Alison Saar with Ernst Ludwig Kirchner's Dancer with Necklace, 1910, Los Angeles County Museum of Art, purchased with funds provided by the Robert Halff Endowment Fund, Modern and Contemporary Art Acquisition Endowment Fund, Modern Art Acquisition Fund, Robert Gore Rifkind Foundation, Modern Art Deaccession Fund, and LACMA's 50th Anniversary Gala, in honor of Stephanie Barron, the museum's Senior Curator of Modern Art

Artists on Art: Alison Saar

October 19, 2016
Carol S. Eliel, Curator of Modern Art

This summer, LACMA launched an online video series, Artists on Art, for which we asked contemporary artists to speak on an object of their choice from our permanent collection. Alison Saar is a recipient of fellowships from the John Simon Guggenheim Memorial Foundation and the National Endowment for the Arts, and was a 2012 United States Artists Fellow. For Artists on Art, Saar selected Ernst Ludwig Kirchner’s Dancer with Necklace (1910); today, she speaks more about her connection to this masterpiece.

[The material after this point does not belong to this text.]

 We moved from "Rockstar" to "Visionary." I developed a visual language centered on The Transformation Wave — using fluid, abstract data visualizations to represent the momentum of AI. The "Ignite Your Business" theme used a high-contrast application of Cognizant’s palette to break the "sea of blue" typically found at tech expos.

When did you first encounter Dancer with Necklace?

I was in New York at the time that the German Expressionist Sculpture show opened here at LACMA [in 1983]. My father immediately saw that I would love Dancer with Necklace [on view in that exhibition] and sent me a catalogue. And of course, as soon as I was back in town, I went to go see the work. When I saw this piece, I immediately gravitated toward it. In fact, I saw this piece again at LACMA when it was installed as part of the 50th anniversary exhibition [in 2015]. It really inspired me to take my work in a new direction. It’s interesting that now, some 30 years after first seeing it, it still continues to inspire me. 


Los Angeles County Museum of Art, purchased with funds provided by the Robert Halff Endowment Fund, Modern and Contemporary Art Acquisition Endowment Fund, Modern Art Acquisition Fund, Robert Gore Rifkind Foundation, Modern Art Deaccession Fund, and LACMA's 50th Anniversary Gala, in honor of Stephanie Barron, the museum's Senior Curator of Modern Art

What about this piece inspired you then and inspires you now?

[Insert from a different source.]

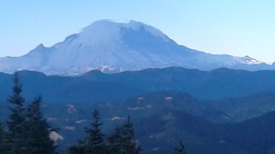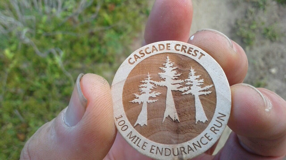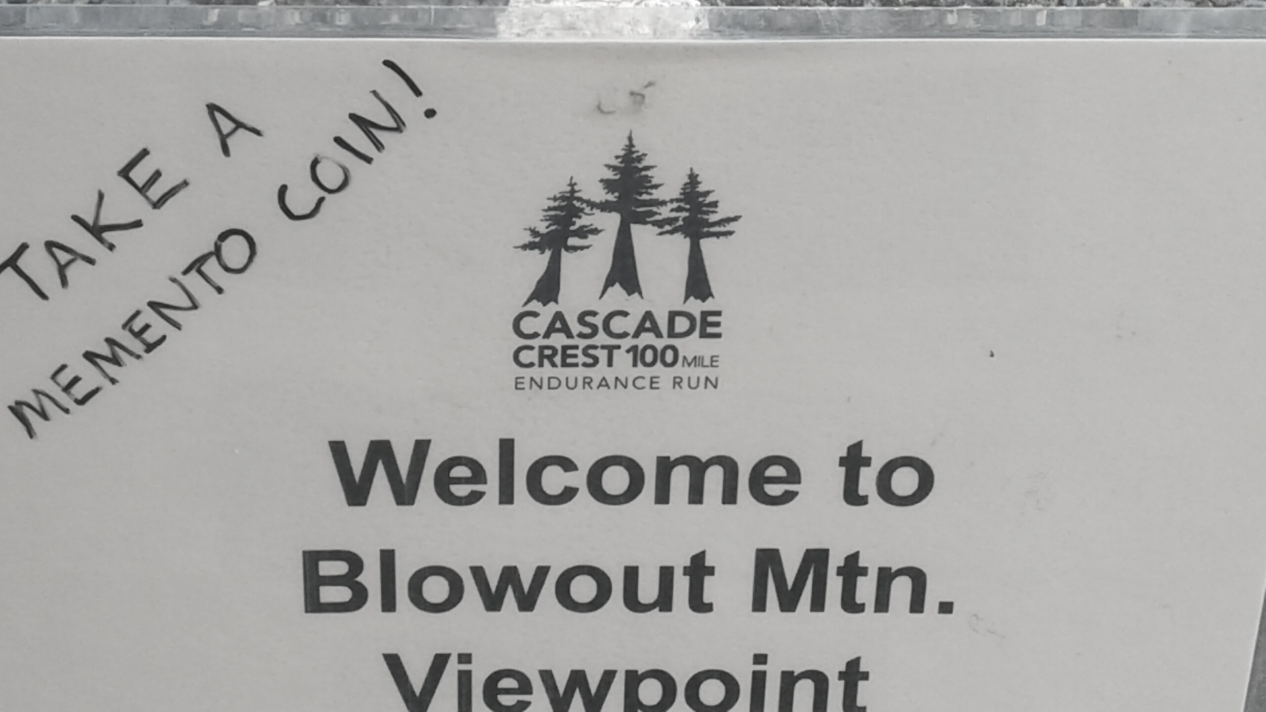 I was about 4 miles into this morning’s hike when I came across a sign indicating that the Cascade Crest 100 miler was joining the PCT. I was quite excited by the prospect as I love trail running and supporting trail runners. A little further down the trail was a sign saying viewpoint 400ft, not officially part of the course but oh so worth it and so it was, with 360 degree views and with Mount Rainer very boldly dominating to the west. There was also a wooden coin the runners could collect as a momento, which I photographed.

What really attracts me to this piece is the rawness of it. We can still see how the figure is pressed against the boundaries of the log that she is contained in. One shoulder is kind of rubbing against the perimeters; she has all this amazing motion within the small confined spaces. It feels to me that there is an amazing release of the figure, that sense that it is born from this simple material.

It also resonates with some of the ways that African art is treated in terms of texture and surface. I know that Kirchner and some of his friends were looking at African art at that time, and you can see where he is drawing off of that. In Berlin, right around the turn of the century, a Cameroonian sculpture, a Bangwa queen, was on public view in Berlin. This piece really resonates with that. It’s all about the breast and the belly and the buttocks. There is a lot of movement in this work. That’s not really typical of a lot of African art, which is often staid and stationary; that is very present in my work as well. But the Cameroonian and specifically the Bangwa, it always feels like there is some sort of dance involved in it. I really love the way those two pieces connect. 

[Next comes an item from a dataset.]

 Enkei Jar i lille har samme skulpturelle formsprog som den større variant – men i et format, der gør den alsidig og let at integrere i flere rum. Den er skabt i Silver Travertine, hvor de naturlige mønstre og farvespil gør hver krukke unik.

Ernst Ludwig Kirchner Dancer with Necklace, 1910 Los Angeles County Museum of Art, purchased with funds provided by the Robert Halff Endowment Fund, Modern and Contemporary Art Acquisition Endowment Fund, Modern Art Acquisition Fund, Robert Gore Rifkind Foundation, Modern Art Deaccession Fund, and LACMA's 50th Anniversary Gala, in honor of Stephanie Barron, the museum's Senior Curator of Modern Art

I love that there is an emphasis on the breast and the belly and the buttocks. And there are all these rounded forms. She has got her one hand up, doing this shimmy, this twisty stretch. I just love that posturing—it’s just a really strong, intense female figure. She’s not reclining, she’s not offering herself. You don’t feel so voyeuristic. She is out there and strutting her stuff. That’s really powerful and beautiful.

I’m really interested in her facelessness. In some ways it refers to motion. It also refers to all women. You know, in my own work I’ll have faces. They all have eyes but they don’t have pupils, and there is always this emptiness to them. It talks about it being a mask, but it also talks about how we are sometimes between two worlds. At this moment of dance and ecstasy, you maybe become faceless. It’s just this motion, this expression, this—joy, this exuberance in this thing in the moment.

Ernst Ludwig Kirchner's Dancer with Necklace is on view in the Ahmanson Building, Level 2. The conversation was edited and condensed for clarity.